Rate of progression prostate cancer: Gleason staging system.

Gleason staging system is used to help to evaluate the prognosis of cancer of the prostate.

  • Biopsy. Tissue samples of prostate tumor are taken. Obtained material is going in laboratory for a microscopic examination.

  • In laboratory every sample assigns a grade from 1 to 5: one means that sample has only healthy cells and five means the sample has pathological cells.

  • The two grades of two most specific tumor samples are added together to get a Gleason score (from 2 to 10). Higher Gleason score means a worse prognosis.
Prostate cancer stages.

Stages do characterize where cancer have spreaded. Doctor needs this information to choose treatment. To define cancer stage the next examinations can be made:
  • Digital rectal examination
  • Blood tests
  • Bone scans
  • Computerized tomography
  • Magnetic resonance tomography
  • Biopsy of prostate and lymphatic glands
There are two systems of describing prostate cancer stages – Whitmore-Jewett staging

and TNM.

Whitmore-Jewett staging system

In this case to describe stage of disease are used letters of A, B, C, D:

A – the tumor has microscopic size and it is not detectable when palpation

B – the tumor or lump are felt (without metastasis)

C – the tumor with metastasis spreaded to the organs located near prostate

D – the tumor with great metastasis spreaded to lymphatic glands and other organs

TNM staging system


Cancer stages can be described also in TNM system.

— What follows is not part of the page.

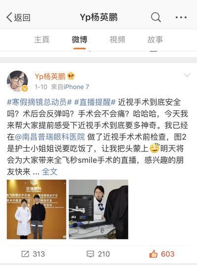 微博人气偶像齐聚普瑞眼科,亲测手术为寒假摘镜总动员助力

TNM stands for Tumor, Nodes, Metastases.

T – characterises process of primary tumor

T1 – the tumor is not detectable while visual examination and on X-ray picture. Cancer cells are presented in tissue samples taken during prostate hyperplasia operation or during biopsy.

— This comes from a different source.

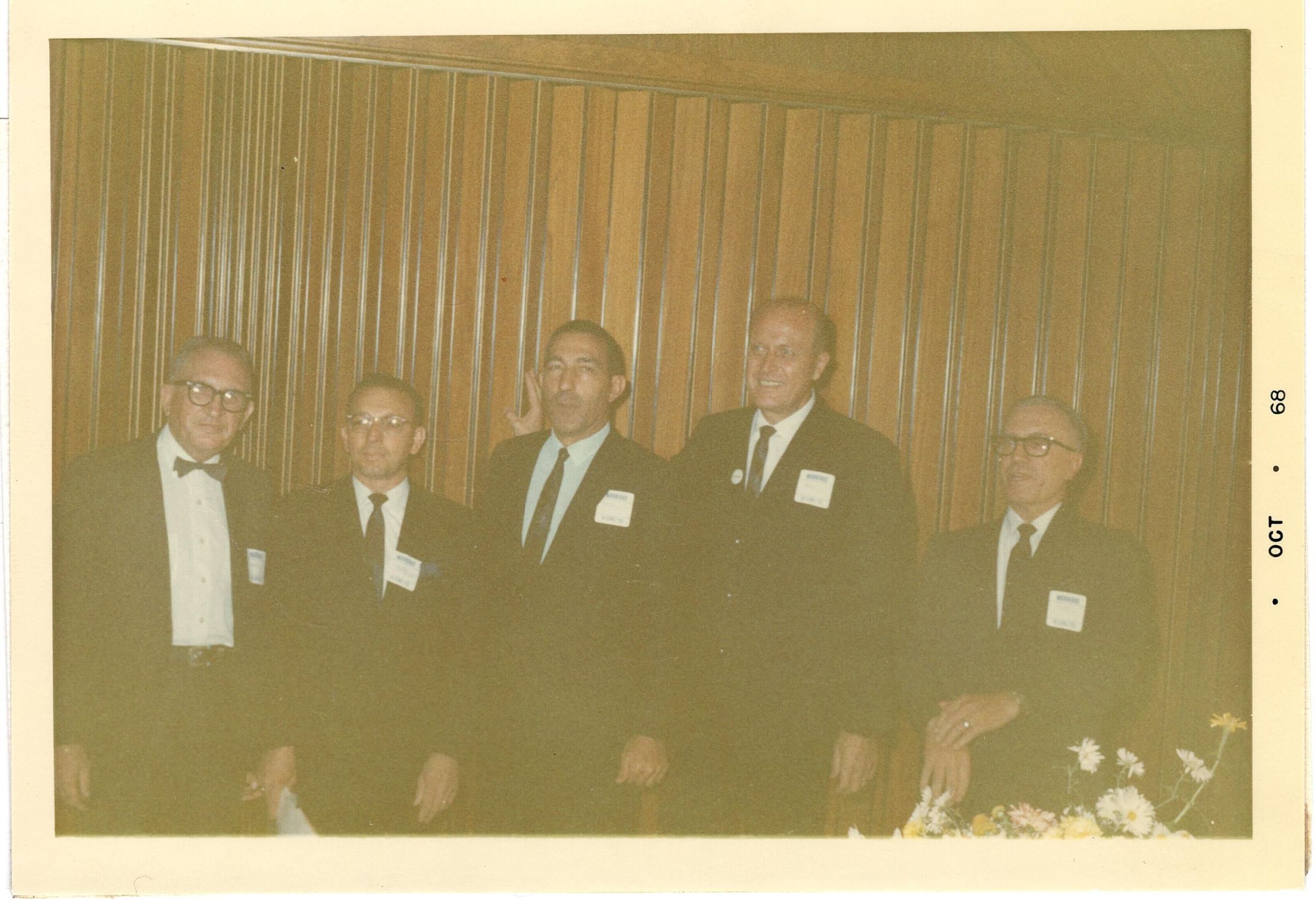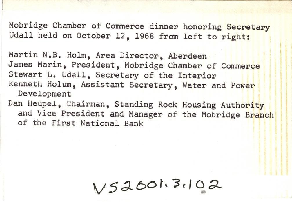 Colored photo of five men standing shoulder to shoulder in front of a retractable accordion wood panel. Typed on the back "Mobridge Chamber of Commerce dinner honoring Secretary Udall held on October 12, 1968 from left to right: Martin N.B. Holm, Area Director, Aberdeen; James Marin, President, Mobridge Chamber of Commerce; Stewart L. Udall, Secretary of the Interior; Kenneth Holum, Assistant Secretary, Water and Power Development; Dan Heupel, Chairman, Standing Rock Housing Authority and Vice President and Manager of the Mobridge Branch of the First National Bank."Photograph Details

T1a – cancer cells are detected in less than 5% of tissue that was removed. Gleason score is less than 7.

T1b - cancer cells are detected in more than 5% of tissue that was removed. Gleason score is more than 7.

T1c – cancer cells are detected in tissues taken during biopsy (performed due to an elevated serum PSA)

T2 – the tumor can be felt but it does not spread outside capsule covering prostate.

T2a – the tumor is in less than 50% of one part of prostate.

T2b – the tumor is in more than 50% of one part of prostate.

T2c – the tumor is in both parts of prostate.

T3 – the tumor is spreaded on other organs including seminal vescile.

T3a – the tumor is spreaded on other organs but not in seminal vescile.

T3b – the tunor is spereaded on seminal vescile.

T4 – the tumor is spreaded on other organs near prostate, for example, on rectum.

To detect metastasis to other organs it is necessary to make some additional examinations. Prostate cancer often does metastasis to lymphatics glands, bones, lungs and other organs.

To describe metastasis marks of M and N are used.

N – characterises spreading of tumor on lymphatic glands.

Nx – it is not clear if lymphatic glands are invaded or not.

N0 – the tumor is not found in lymphatic glands.

N1 – the tumor is found in one lymphatic gland in small pelvis caverna and it has size of not more than 2 sm.

N2 - the tumor is found in one lymphatic gland in small pelvis caverna. It has size of more than 2 cm but less than 5 cm. The other variant is when the tumor is found in several lymphatic glands in small pelvis caverna but tumors have size of less than 5 cm.

N3 – at least one tumor in lymphatic glands has a size of more than 5 cm.

M – describes spreading of tumor in other organs.

Mx – it is not clear if there is metastasis to other organs.

M0 – metastasis are detected only in prostate and in the nearest lymphatic glands.

M1 – the tumor does metastasis to lymphatic glands beyond small pelvis and\or into other organs (bones, lungs, livers and brain).

Prognosis for prostate cancer.

Almost all cancerous growths of prostate (91%) are detected before they spread beyond prostate. If cancer is diagnosed being at this stage, in 99% of cases patients can live at least 5 years. But the prognosis of survival exacerbates when the tumor did metastasis to other organs.

The second detecting of prostate cancer after a year or more of treatment is called recurrence. Cancer can recur in prostate (even if it was removed) and in other organs including bones. To treat recurescence can be used methods different from those that were used for primary tumor treatment.